§ **Problem to solve**:
Using the data below, set down every line from the one containing "Trong hình có" through the one containing "The Pebble NEO", inclusive and unchanged. Pictures are to be skipped.

[Extracted entries]

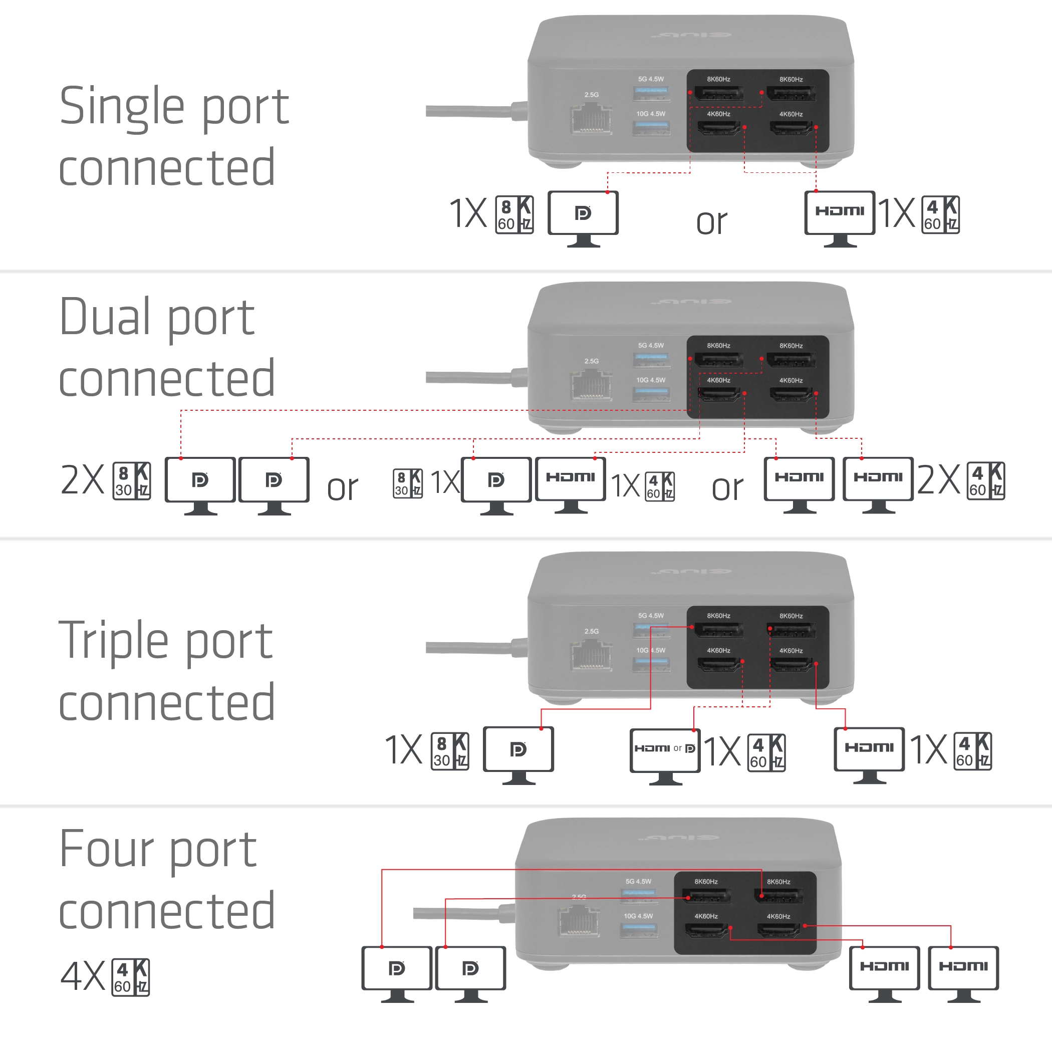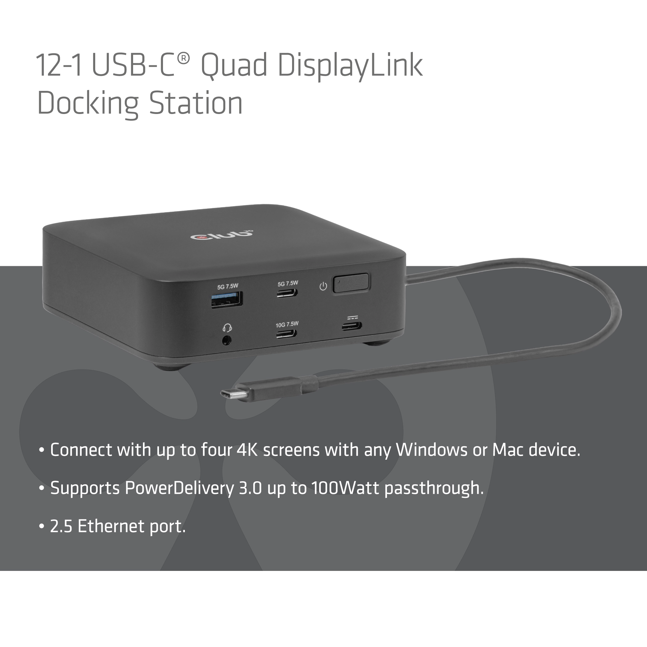 • QUAD DISPLAY DOCKING STATION: Working on any PC or MAC in 4K,
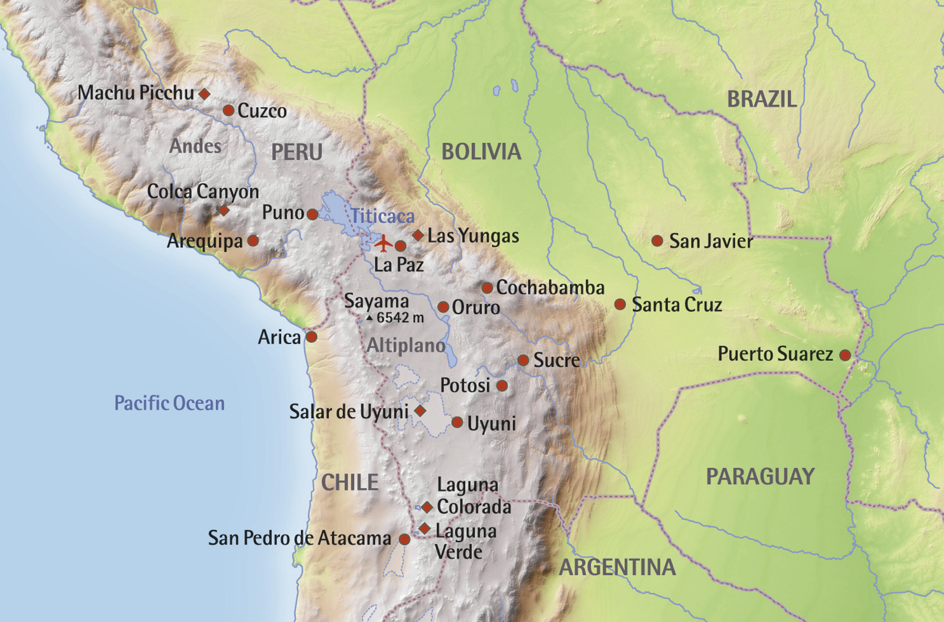 Karte Hohepunkte Des Andenstaats Bolivien Dorado Latin Tours
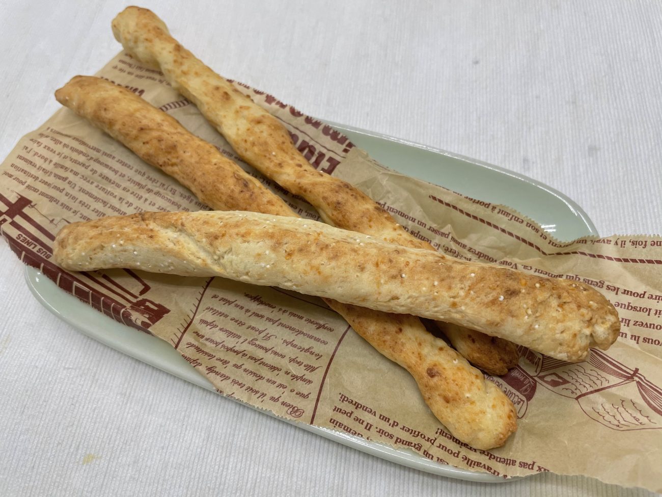おやつは、”雑穀カリカリ棒パン”でした。生地にもちあわを加えることで、プチプチっとした食感になり、見た目や味だけでなく、食感も楽しむことができるおやつとなりました。カリカリっとしたパンなので、しっかりと噛むことの練習にもなり、人気のおやつとなっています。生地にチーズも入っているので、ほんのりとチーズの香りもする美味しい棒パンとなりました。
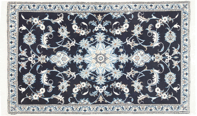Rugs from the city of Nain, from the border of one of the largest deserts in Iran, are among the most famous Persian rugs in the world. Their typical design is characterized by floral ornaments, a medallion in the middle as well as beige and red or blue shades. Thanks to their designations 4La, 6La, 9La and 12La, the finenesses of a Nain rug can be seen at a glance. The lower the "La" number, the higher the knot density and thus the finer the rug.
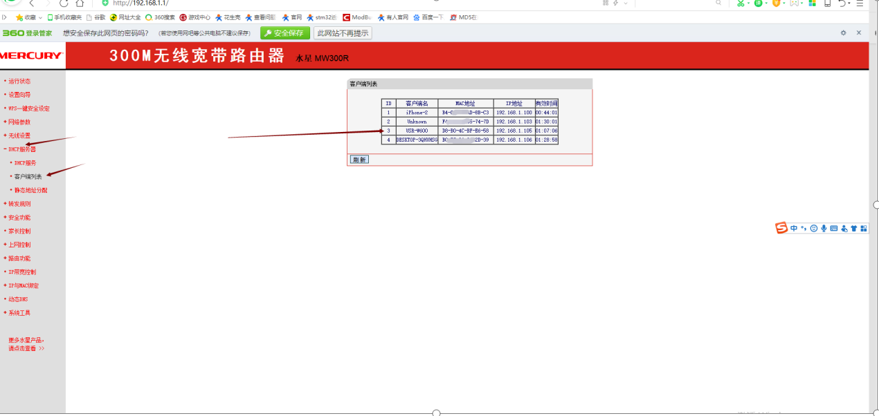 可以在路由器的管理界面查看W600的IP为192.168.1.105
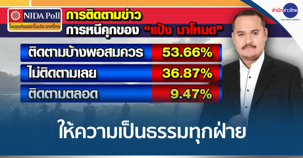 “นิด้าโพล” เปิดเผยผลสำรวจประชาชน เรื่อง “แป้ง นาโหนด กับกระบวนการยุติธรรมไทย” เมื่อถามประชาชนถึงการติดตามข่าวการหนีคุกของนายเชาวลิต ทองด้วง หรือ แป้ง นาโหนด พบว่า ตัวอย่างร้อยละ 53.66 ระบุว่า ติดตามบ้างพอสมควร รองลงมา ร้อยละ 36.87 ระบุว่า ไม่ติดตามเลย และร้อยละ 9.47 ระบุว่า ติดตามตลอด
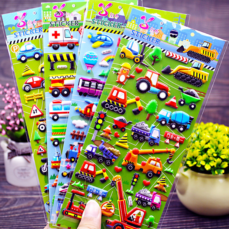 闪乐交通工具立体泡泡贴纸汽车挖掘机飞机卡通泡棉贴纸画儿童奖励热门设计联盟服务商
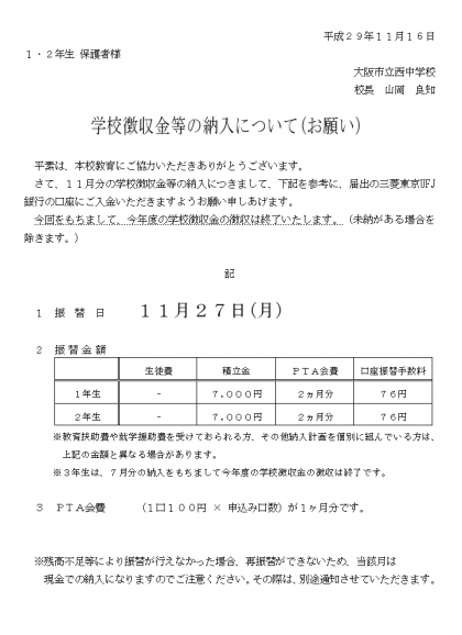 本日、1・2年生の保護者様宛に「学校徴収金等の納入について(お願い)」を配付致しました。
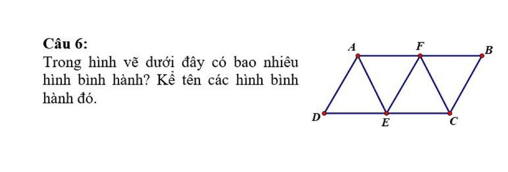 Trong hình có tổng là 4 hình bình hành, 1 hình bình hành lớn, 3 hình bình hành nhỏ. Tên các hình bình hành là:
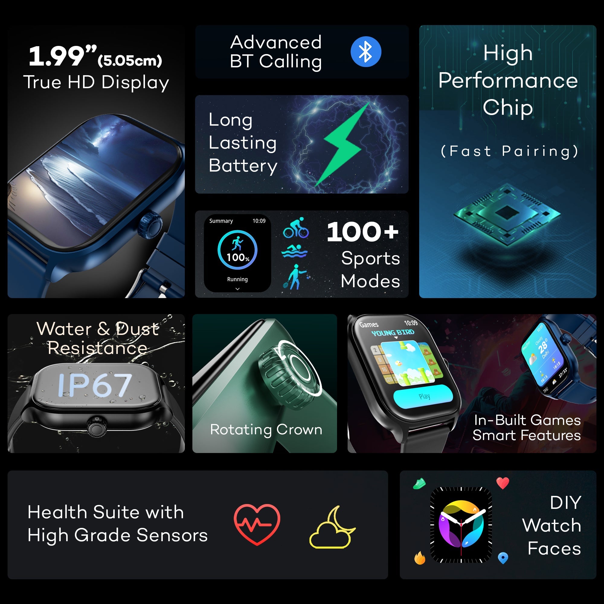 The Pebble NEO is a feature-rich smartwatch with a 1.99" True HD display, Bluetooth calling, SpO2 and heart rate monitoring. It includes a rotating crown, multiple sports modes, sleep tracking, and various watch faces, including DIY options. Lightweight in design, it also offers alarms, notifications, and built-in games, making it a versatile companion for your everyday needs.
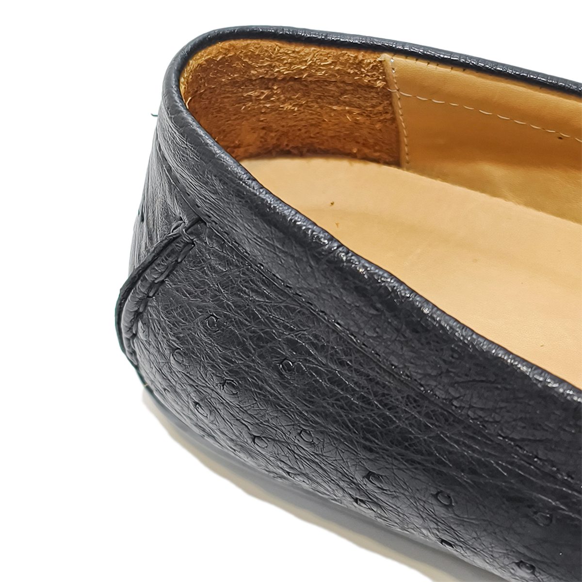 For those who value exclusive luxury textures, effortless convenience and understated elegance in footwear, these glossy black ostrich leather tassel loafers weave together unique natural quill patterns, the ease of slip-on design, and charming tassel details. It’s more than just a pair of loafers—this is a polished, comfortable companion that wraps your steps in exclusive sophistication, elevating every occasion from daily commutes to leisure gatherings with quiet luxury.

[/Extracted entries]

§ **Answer area**:
 Trong hình có tổng là 4 hình bình hành, 1 hình bình hành lớn, 3 hình bình hành nhỏ. Tên các hình bình hành là:
 The Pebble NEO is a feature-rich smartwatch with a 1.99" True HD display, Bluetooth calling, SpO2 and heart rate monitoring. It includes a rotating crown, multiple sports modes, sleep tracking, and various watch faces, including DIY options. Lightweight in design, it also offers alarms, notifications, and built-in games, making it a versatile companion for your everyday needs.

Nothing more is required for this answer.